How do I refactor a simple commandline script to be object oriented?

Question

I don't have a lot of experience with object-oriented Python and want to refactor a simple command-line tool. My current script simply imports needed libraries, has a few function definitions, uses global variables (which I know is bad practice) and uses argparse all in one .py file, e.g.:

import argparse

dict = {}

#Some code to populate the dict, used both in checking the argument and later in the script

def check_value(value):
    if not dict.has_key(value):
        raise argparse.ArgumentTypeError("%s is invalid." % value)
    return value

parser = argparse.ArgumentParser(…)
parser.add_argument('…', type=check_value, help='…')

args = parser.parse_args()

# Some other code that uses the dict

As well, the way that I handle some of the argument parsing uses a function similar to "abc" which modifies a dictionary I need later in the script. How do I make this less ugly? Or is using global variables acceptable for a simple commandline script?

what is xyz and why are you importing it and not using it. Also, you are using argparse, but you didn't import it. Can you post your actual code? — joel goldstick
– joel goldstick, Commented Jun 18, 2016 at 17:34

Alex Barry · Accepted Answer · 2016-06-18 19:22:29Z

Let's create a single class that mimics our dict, and get's passed to these methods instead of operating on a global variable, and you can tell me if this is more what you're looking for. The fact of the matter is, you are already using a bit of object oriented programming and don't know it (the dict class)

Step 1: The Dict Class

Python Object Oriented Programming revolves around Classes, which can get instantiated one or more times, and these use functions defined on them. Then we call the methods with classname.class_method(input_variables) and get a return value just like if we called a non-bound function. In fact, there is a well defined difference between a global function and a function explicitly tied to a class instance. This is the difference between a 'bound' and 'unbound' method, and is where we get the magic name, self.

class ExampleDict(object):

    #Called when a new class instance is created
    def __init__(self, test):
        self.dict = {}
        self.dict["test"] = test

    #Called when len() is called with a class instance as an argument
    def __len__(self):
        return len(self.dict)

    #Called when the internal dict is accessed by instance_name[key]
    def __getitem__(self, key):
        return self.dict[key]

    #Called when a member of the internal dict is set by 
    #instance_name[key] = value
    def __setitem__(self, key, value):
        self.dict[key] = value

    #Called when a member of the internal dict is removed by del instance[key]
    def __delitem__(self, key):
        del self.dict[key]

    #Return an iterable list of (key, value) pairs
    def get_list(self):
        return self.dict.items()

    #Replace your global function with a class method
    def check_value(self, key):
        if not self.dict.has_key(value):
            raise argparse.ArgumentTypeError("%s is invalid." % value)
        return value

A few notes:

This class definition must appear before any instances are created
A Class instance is created with the following syntax: d = ExampleDict()

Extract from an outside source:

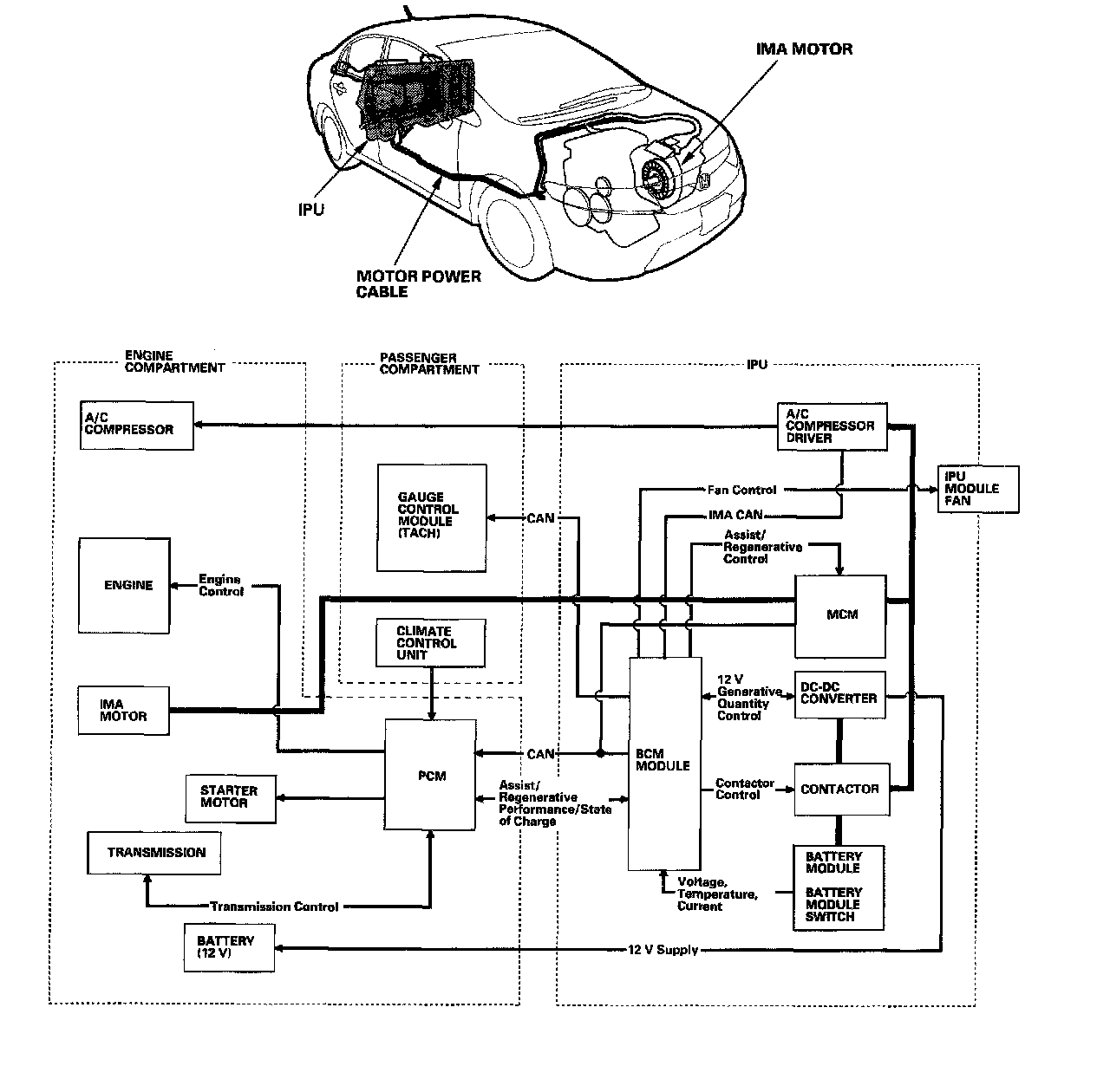 The IMA system contains the DC 158 V battery and AC synchronous motor, control system, and related accessories. For safety, the intelligent power unit (IPU) is located behind the rear seat.

Step 2: Removing Global Variables

Now, we want to remove the use of global variables. In many cases, as you see above, we can turn your methods into class methods. In cases where this isn't appropriate, you can accept an object as an argument to a global function. In this case, we want your method to accept the dict it operates on as an argument rather than operating on a global variable directly

def check_value_global(inp_dict, value):
    if not inp_dict.has_key(value):
        raise argparse.ArgumentTypeError("%s is invalid." % value)
    return value

Step 3: Declaring Instances of the Class & Using them

Now, let's define what happens when we run the script and declare some class instances, then pass them to the method or execute their class methods:

if __name__ == "__main__":

    #Declare an instance of the class
    ex = ExampleDict("testing")

    print(ex["test"])
    ex["test2"] = "testing2"
    check_value_global(ex, "test")
    print("At next section")
    ex.check_value("test2")
    print("At final section")

For a more in-depth discussion of the power of object-oriented programming in Python, please see here

Edit Based on Comment

Ok so let's look at argparse in particular. This is going to parse command line arguments fed to the script (an alternative here would simply be reading from sys.argv).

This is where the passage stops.